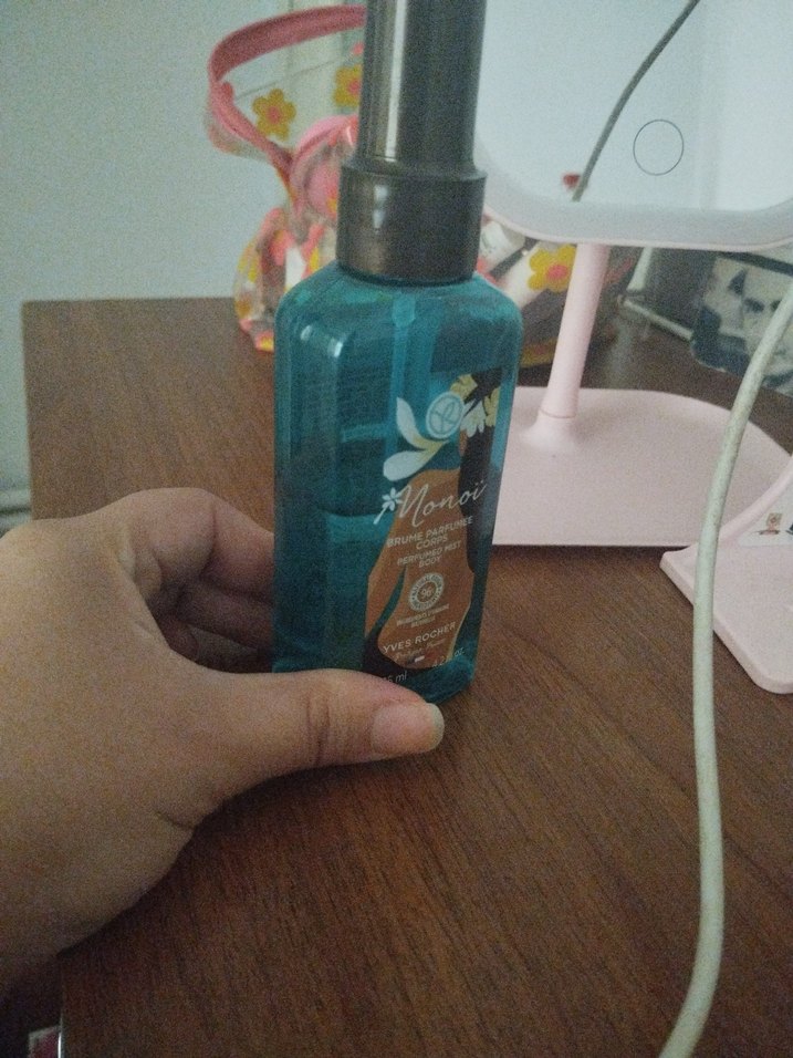 Mavi şişede, çiçek desenli Monoi kadın parfüm spreyi, ferah ve hoş koku sağlar. yarısına kadar dolu tam bir vanilya kokusu ve saç vücut parfümü olarak geçiyor mağazasından almıştım üç ay oluyor harika bir koku
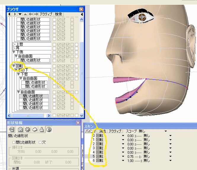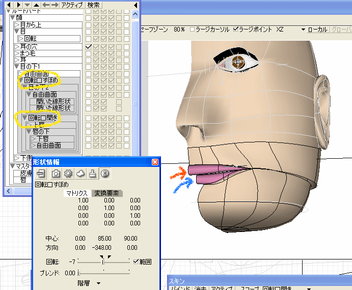はじめて Shade のスキン機能を使ってみました。これでいいんでしょうか。黄色で囲った回転ジョイントの動作を、顔の後と横では無視して、口だけを開けるということをさせてみたかったのです。
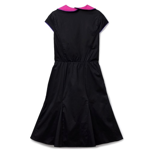 - This solid black dress features a natural waist with a flair skirt that opens to reveal bright patches of pink fabric. Along the front hemlines are purple piping for a dramatic effect, while purple thorn and horns embroidery embellish the collar.
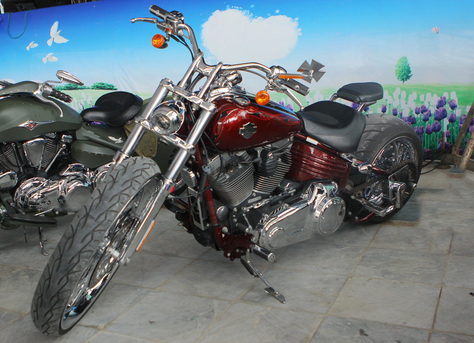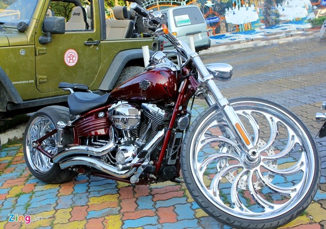 Chiếc Harley-Davidson Rocker C của một biker Hà thành nổi bật với cặp vành hơn 6.000 USD, trong đó, vành trước được cho có chu vi lớn nhất trang bị cho một mẫu mô tô ở Việt Nam.
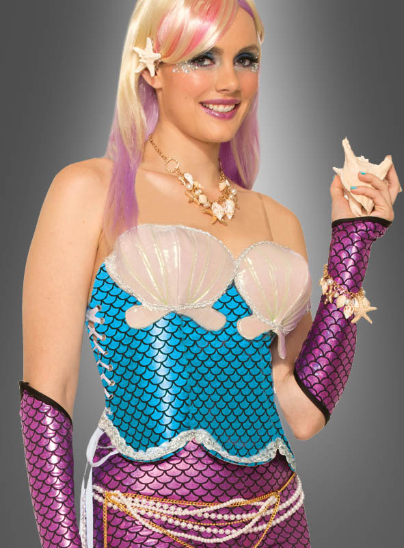 Kombinieren Sie diese schöne Korsage mit Teilen aus Ihrem Kleiderschrank und unseren anderen Kostüm Accessoires für Nixen und Sirenen. So können Sie im Handumdrehen ein Meerjungfrau Kostüm selber machen ohne großartig basteln oder nähen zu müssen.

Task to carry out: Whenever a picture appears, leave it out, and return every record exactly.

Answer area:
 Mavi şişede, çiçek desenli Monoi kadın parfüm spreyi, ferah ve hoş koku sağlar. yarısına kadar dolu tam bir vanilya kokusu ve saç vücut parfümü olarak geçiyor mağazasından almıştım üç ay oluyor harika bir koku
はじめて Shade のスキン機能を使ってみました。これでいいんでしょうか。黄色で囲った回転ジョイントの動作を、顔の後と横では無視して、口だけを開けるということをさせてみたかったのです。
 - This solid black dress features a natural waist with a flair skirt that opens to reveal bright patches of pink fabric. Along the front hemlines are purple piping for a dramatic effect, while purple thorn and horns embroidery embellish the collar.
 Chiếc Harley-Davidson Rocker C của một biker Hà thành nổi bật với cặp vành hơn 6.000 USD, trong đó, vành trước được cho có chu vi lớn nhất trang bị cho một mẫu mô tô ở Việt Nam.
 Kombinieren Sie diese schöne Korsage mit Teilen aus Ihrem Kleiderschrank und unseren anderen Kostüm Accessoires für Nixen und Sirenen. So können Sie im Handumdrehen ein Meerjungfrau Kostüm selber machen ohne großartig basteln oder nähen zu müssen.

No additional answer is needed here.